100th President of the Constituent Assembly of El Salvador
- In office 1871–1871
- Preceded by: Rafael Zaldívar
- Succeeded by: Doroteo Vasconcelos

Deputy of the National Assembly of El Salvador from Sonsonate
- In office 1842–1842

Personal details
- Born: Rafael Juan Campo y Pomar 24 October 1813 Sonsonate, then in the Intendancy of San Salvador
- Died: 1 March 1890 (aged 76) Acajutla, El Salvador
- Party: Conservative
- Education: University of San Carlos
- Occupation: Politician, businessman, journalist

= Rafael Campo =

8th President of El Salvador (1856–1858)

Rafael Juan Campo y Pomar (24 October 1813 – 1 March 1890) was a Salvadoran politician, businessman, and journalist who served as the 8th President of El Salvador from 1856 to 1858. He also served as the president of the Constituent Assembly in 1871.

Campo spent his early political career in Sonsonate and as a member of the National Assembly. He won the 1856 presidential election and assumed the presidency on 12 February 1856. He briefly left office between 12 May to 19 July, during which, Vice President Francisco Dueñas served as acting president. Campo was president during the Filibuster War and sent soldiers to help Nicaragua defeat William Walker. His government survived multiple coups led by liberal General Gerardo Barrios and negotiated a settlement to put Barrios fourth in the presidential line of succession for the 1858–1860 presidential term. Campo left office on 1 February 1858 and was succeeded by General Miguel Santín del Castillo.

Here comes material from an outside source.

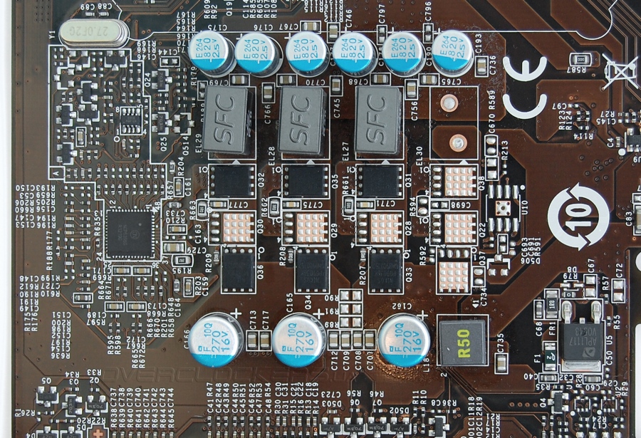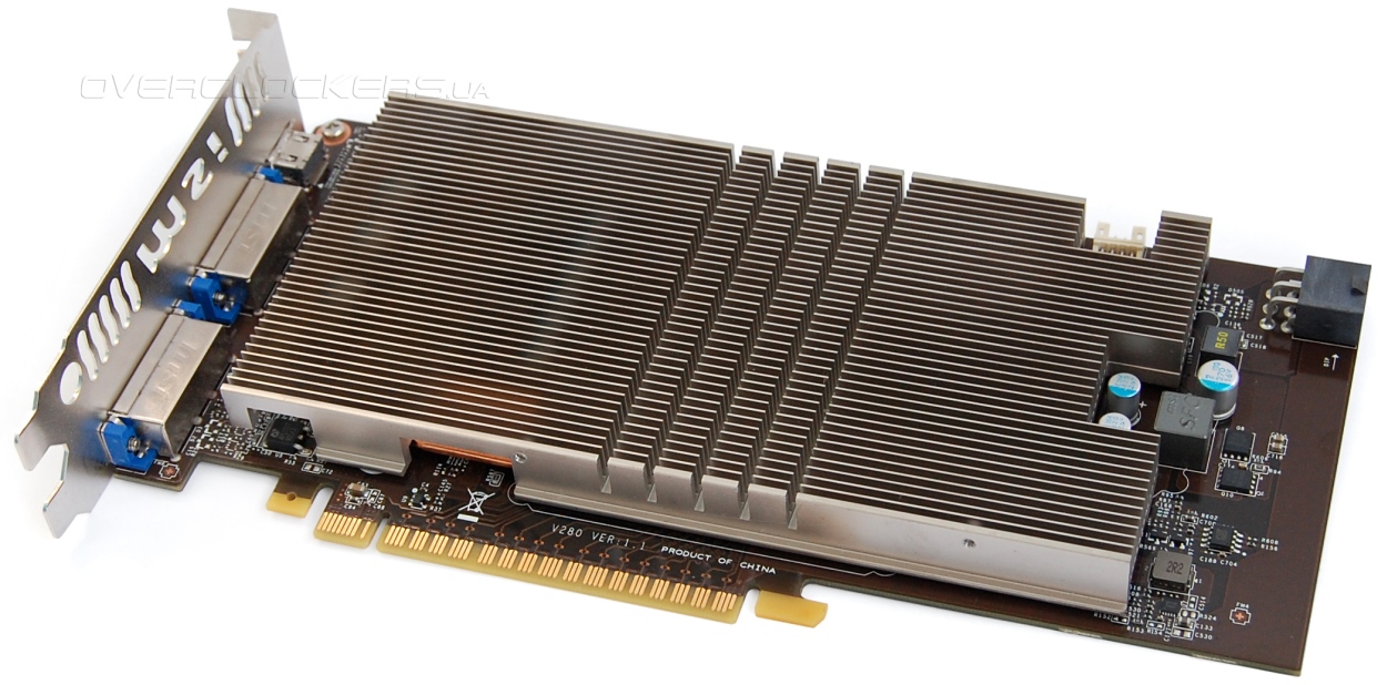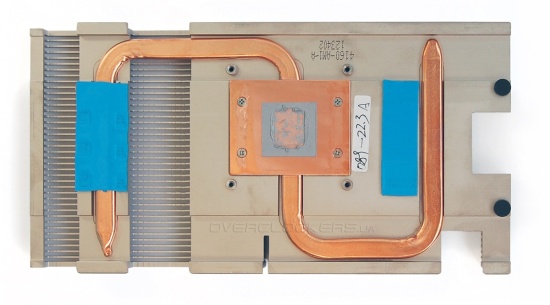 От процессора тепло отводится через медную вставку с одной изогнутой тепловой трубкой. Данная конструкция контактирует еще с силовыми элементами системы питания и двумя микросхемами памяти.

After Campo's presidency, he was exiled from El Salvador several times for opposing the presidencies of Barrios, Dueñas, Marshal Santiago González, and Rafael Zaldívar. In exile, he founded two newspapers that were critical of Dueñas and González. He returned to Sonsonate in 1882 and he died in Acajutla in 1890.

== Early life ==

Rafael Juan Campo y Pomar was born on 24 October 1813 in Sonsonate, then in the Intendancy of San Salvador. His parents were Pedro Campo y Pérez de Arpa and Juana María del Pomar. His father was a colonel in the Spanish Army. Campo had several siblings. In his youth, Campo was home schooled and later attended classes at a Franciscan convent in Sonsonate. Campo attended the University of San Carlos in Guatemala City. Campo's family was wealthy and paid for his education.

In 1834, Campo lost much of his wealth and went into debt due to his father's death, the sinking of his boat La Joven Ángela that lost many of his possessions in the process, and the political instability of the Federal Republic of Central America. To recover financially, Campo bought coffee seeds from Costa Rica and established a plantation on the shore of Lake Coatepeque.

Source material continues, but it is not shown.